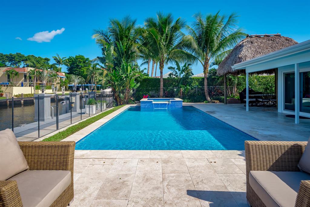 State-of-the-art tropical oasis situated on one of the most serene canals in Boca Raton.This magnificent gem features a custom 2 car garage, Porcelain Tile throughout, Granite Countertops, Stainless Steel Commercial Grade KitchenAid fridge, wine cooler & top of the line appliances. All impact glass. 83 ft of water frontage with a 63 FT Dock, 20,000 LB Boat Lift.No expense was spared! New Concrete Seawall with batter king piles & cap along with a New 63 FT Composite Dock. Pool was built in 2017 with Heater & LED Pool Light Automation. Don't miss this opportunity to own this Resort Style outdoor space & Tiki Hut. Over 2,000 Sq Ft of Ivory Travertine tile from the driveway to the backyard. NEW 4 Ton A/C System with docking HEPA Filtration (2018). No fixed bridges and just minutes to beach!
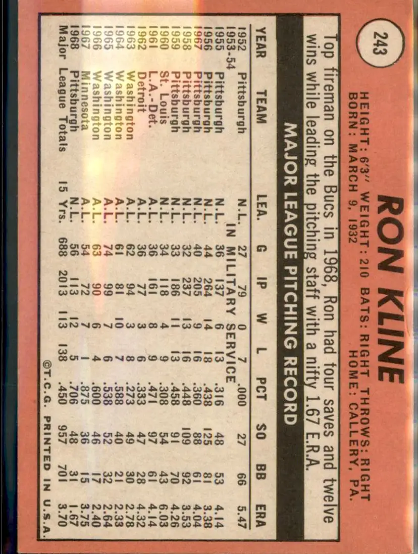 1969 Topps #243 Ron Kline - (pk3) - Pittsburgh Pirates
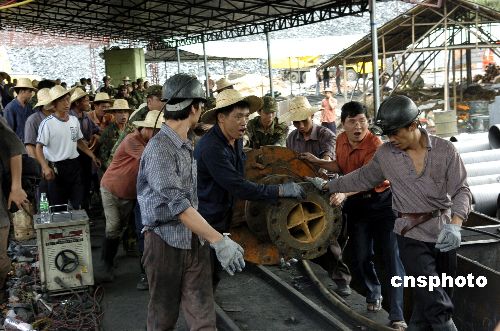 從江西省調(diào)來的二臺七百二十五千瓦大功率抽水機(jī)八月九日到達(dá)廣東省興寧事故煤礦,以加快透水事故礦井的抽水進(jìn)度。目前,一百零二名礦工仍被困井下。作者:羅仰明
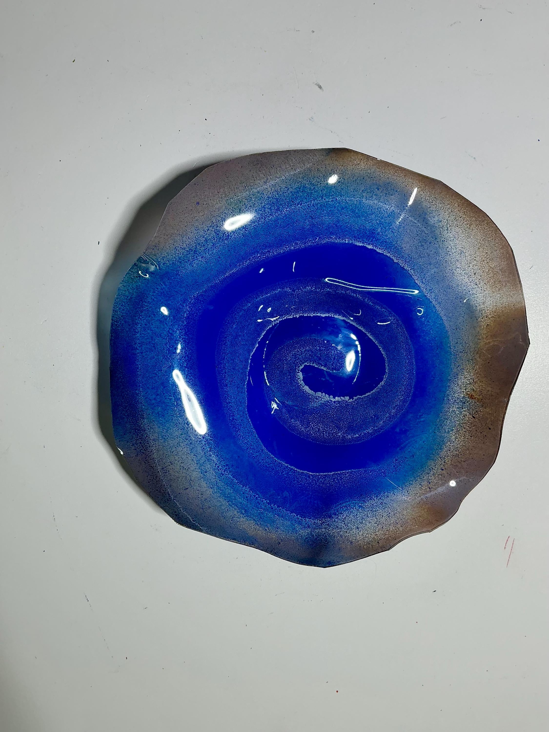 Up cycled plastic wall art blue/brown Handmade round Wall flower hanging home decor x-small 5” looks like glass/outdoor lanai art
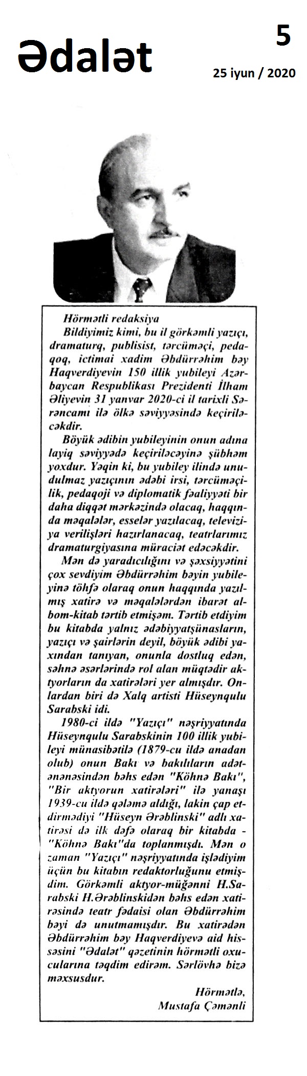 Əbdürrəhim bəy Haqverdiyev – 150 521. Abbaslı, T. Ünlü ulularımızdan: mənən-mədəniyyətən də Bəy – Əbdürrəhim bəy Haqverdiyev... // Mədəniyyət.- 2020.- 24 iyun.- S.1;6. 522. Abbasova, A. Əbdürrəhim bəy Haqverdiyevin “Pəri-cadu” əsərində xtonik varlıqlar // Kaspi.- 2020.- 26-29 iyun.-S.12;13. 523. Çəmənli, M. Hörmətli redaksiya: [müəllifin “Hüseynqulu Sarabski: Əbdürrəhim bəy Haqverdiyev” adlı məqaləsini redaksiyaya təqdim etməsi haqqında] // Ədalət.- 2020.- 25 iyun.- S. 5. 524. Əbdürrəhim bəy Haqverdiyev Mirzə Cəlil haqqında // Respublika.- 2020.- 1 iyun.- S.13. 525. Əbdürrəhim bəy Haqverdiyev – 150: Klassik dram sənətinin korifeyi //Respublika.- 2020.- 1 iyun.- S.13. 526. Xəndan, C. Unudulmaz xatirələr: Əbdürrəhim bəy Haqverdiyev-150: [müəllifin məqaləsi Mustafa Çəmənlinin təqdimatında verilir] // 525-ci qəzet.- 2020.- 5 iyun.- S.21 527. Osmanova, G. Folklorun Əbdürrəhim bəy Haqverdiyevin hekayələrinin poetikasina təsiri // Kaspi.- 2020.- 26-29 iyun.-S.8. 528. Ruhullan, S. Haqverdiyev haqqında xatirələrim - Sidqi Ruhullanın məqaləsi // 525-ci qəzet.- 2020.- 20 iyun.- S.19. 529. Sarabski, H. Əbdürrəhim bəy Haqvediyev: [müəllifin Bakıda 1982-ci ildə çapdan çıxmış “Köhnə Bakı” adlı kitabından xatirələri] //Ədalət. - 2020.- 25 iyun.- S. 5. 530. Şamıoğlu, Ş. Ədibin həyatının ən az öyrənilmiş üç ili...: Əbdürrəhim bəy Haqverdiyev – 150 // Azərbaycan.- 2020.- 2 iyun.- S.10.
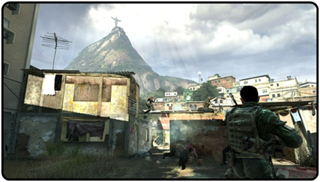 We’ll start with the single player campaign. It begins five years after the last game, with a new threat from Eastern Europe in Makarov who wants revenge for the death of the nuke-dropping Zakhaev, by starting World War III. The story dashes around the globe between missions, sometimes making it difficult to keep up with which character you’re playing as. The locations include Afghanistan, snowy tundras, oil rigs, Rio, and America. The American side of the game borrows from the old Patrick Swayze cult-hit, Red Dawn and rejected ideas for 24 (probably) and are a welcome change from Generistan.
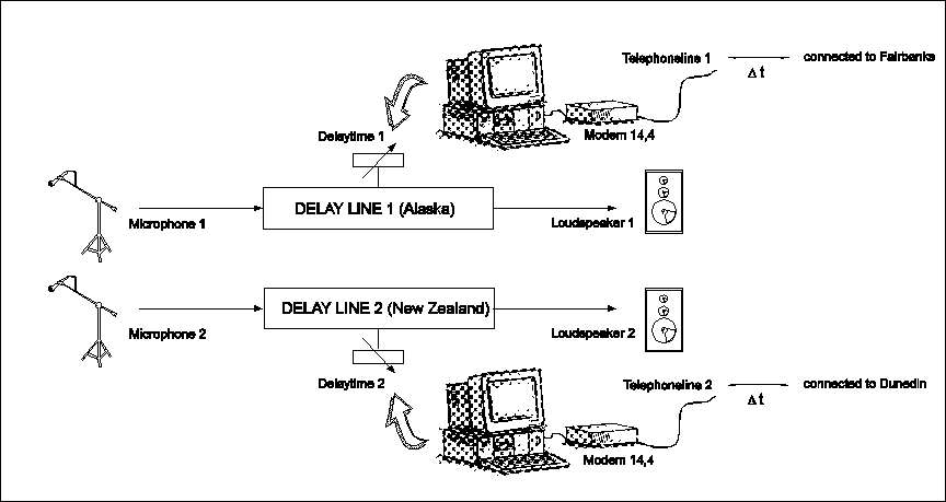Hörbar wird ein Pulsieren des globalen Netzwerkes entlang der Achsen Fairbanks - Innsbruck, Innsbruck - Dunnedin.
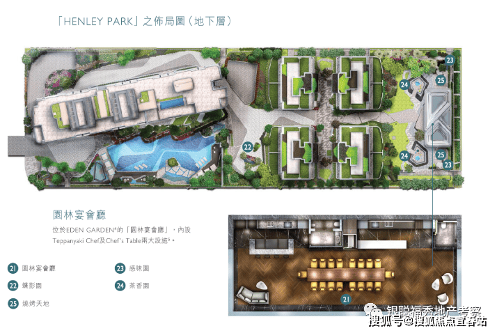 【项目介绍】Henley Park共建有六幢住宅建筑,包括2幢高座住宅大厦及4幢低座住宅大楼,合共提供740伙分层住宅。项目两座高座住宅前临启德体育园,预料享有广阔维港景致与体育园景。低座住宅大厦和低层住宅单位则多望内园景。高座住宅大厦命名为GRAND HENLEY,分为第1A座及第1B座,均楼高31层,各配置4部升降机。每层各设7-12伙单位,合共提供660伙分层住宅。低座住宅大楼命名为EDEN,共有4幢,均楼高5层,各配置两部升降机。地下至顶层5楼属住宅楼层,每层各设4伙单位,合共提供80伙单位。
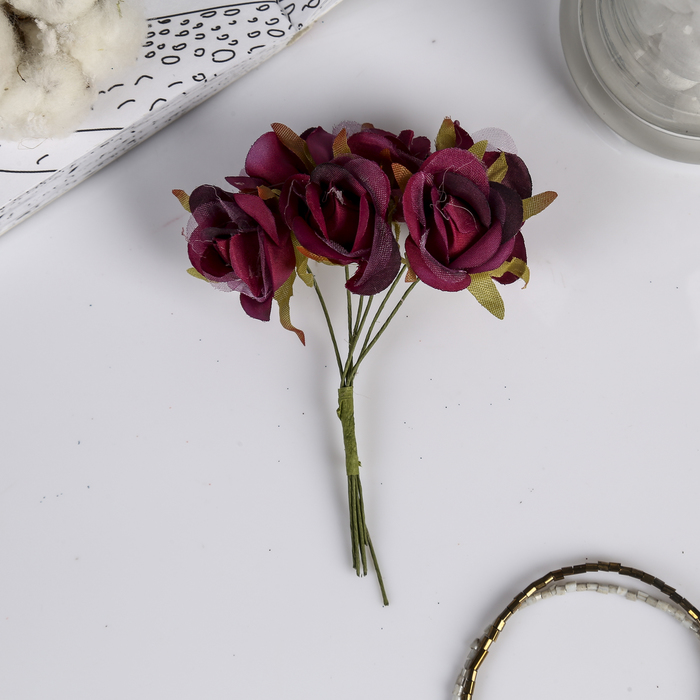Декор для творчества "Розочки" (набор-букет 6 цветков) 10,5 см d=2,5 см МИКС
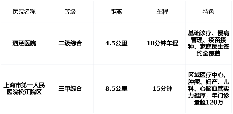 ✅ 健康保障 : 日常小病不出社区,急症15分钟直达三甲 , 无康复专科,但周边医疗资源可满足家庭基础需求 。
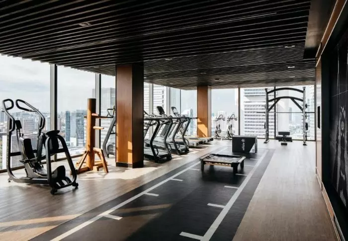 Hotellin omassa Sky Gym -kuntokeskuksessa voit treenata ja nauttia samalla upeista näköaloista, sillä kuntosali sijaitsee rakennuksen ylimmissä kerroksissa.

+++++

- _AIM OF THE EXERCISE_
Return word for word the lines of the listing above, starting at the line with "1969 Topps #243" and ending at the line with "Əbdürrəhim bəy Haqverdiyev – 150 521.", both included. Pictures do not belong in the copy.

- _REPLY_
 1969 Topps #243 Ron Kline - (pk3) - Pittsburgh Pirates
 從江西省調(diào)來的二臺七百二十五千瓦大功率抽水機(jī)八月九日到達(dá)廣東省興寧事故煤礦,以加快透水事故礦井的抽水進(jìn)度。目前,一百零二名礦工仍被困井下。作者:羅仰明
 Up cycled plastic wall art blue/brown Handmade round Wall flower hanging home decor x-small 5” looks like glass/outdoor lanai art
 Əbdürrəhim bəy Haqverdiyev – 150 521. Abbaslı, T. Ünlü ulularımızdan: mənən-mədəniyyətən də Bəy – Əbdürrəhim bəy Haqverdiyev... // Mədəniyyət.- 2020.- 24 iyun.- S.1;6. 522. Abbasova, A. Əbdürrəhim bəy Haqverdiyevin “Pəri-cadu” əsərində xtonik varlıqlar // Kaspi.- 2020.- 26-29 iyun.-S.12;13. 523. Çəmənli, M. Hörmətli redaksiya: [müəllifin “Hüseynqulu Sarabski: Əbdürrəhim bəy Haqverdiyev” adlı məqaləsini redaksiyaya təqdim etməsi haqqında] // Ədalət.- 2020.- 25 iyun.- S. 5. 524. Əbdürrəhim bəy Haqverdiyev Mirzə Cəlil haqqında // Respublika.- 2020.- 1 iyun.- S.13. 525. Əbdürrəhim bəy Haqverdiyev – 150: Klassik dram sənətinin korifeyi //Respublika.- 2020.- 1 iyun.- S.13. 526. Xəndan, C. Unudulmaz xatirələr: Əbdürrəhim bəy Haqverdiyev-150: [müəllifin məqaləsi Mustafa Çəmənlinin təqdimatında verilir] // 525-ci qəzet.- 2020.- 5 iyun.- S.21 527. Osmanova, G. Folklorun Əbdürrəhim bəy Haqverdiyevin hekayələrinin poetikasina təsiri // Kaspi.- 2020.- 26-29 iyun.-S.8. 528. Ruhullan, S. Haqverdiyev haqqında xatirələrim - Sidqi Ruhullanın məqaləsi // 525-ci qəzet.- 2020.- 20 iyun.- S.19. 529. Sarabski, H. Əbdürrəhim bəy Haqvediyev: [müəllifin Bakıda 1982-ci ildə çapdan çıxmış “Köhnə Bakı” adlı kitabından xatirələri] //Ədalət. - 2020.- 25 iyun.- S. 5. 530. Şamıoğlu, Ş. Ədibin həyatının ən az öyrənilmiş üç ili...: Əbdürrəhim bəy Haqverdiyev – 150 // Azərbaycan.- 2020.- 2 iyun.- S.10.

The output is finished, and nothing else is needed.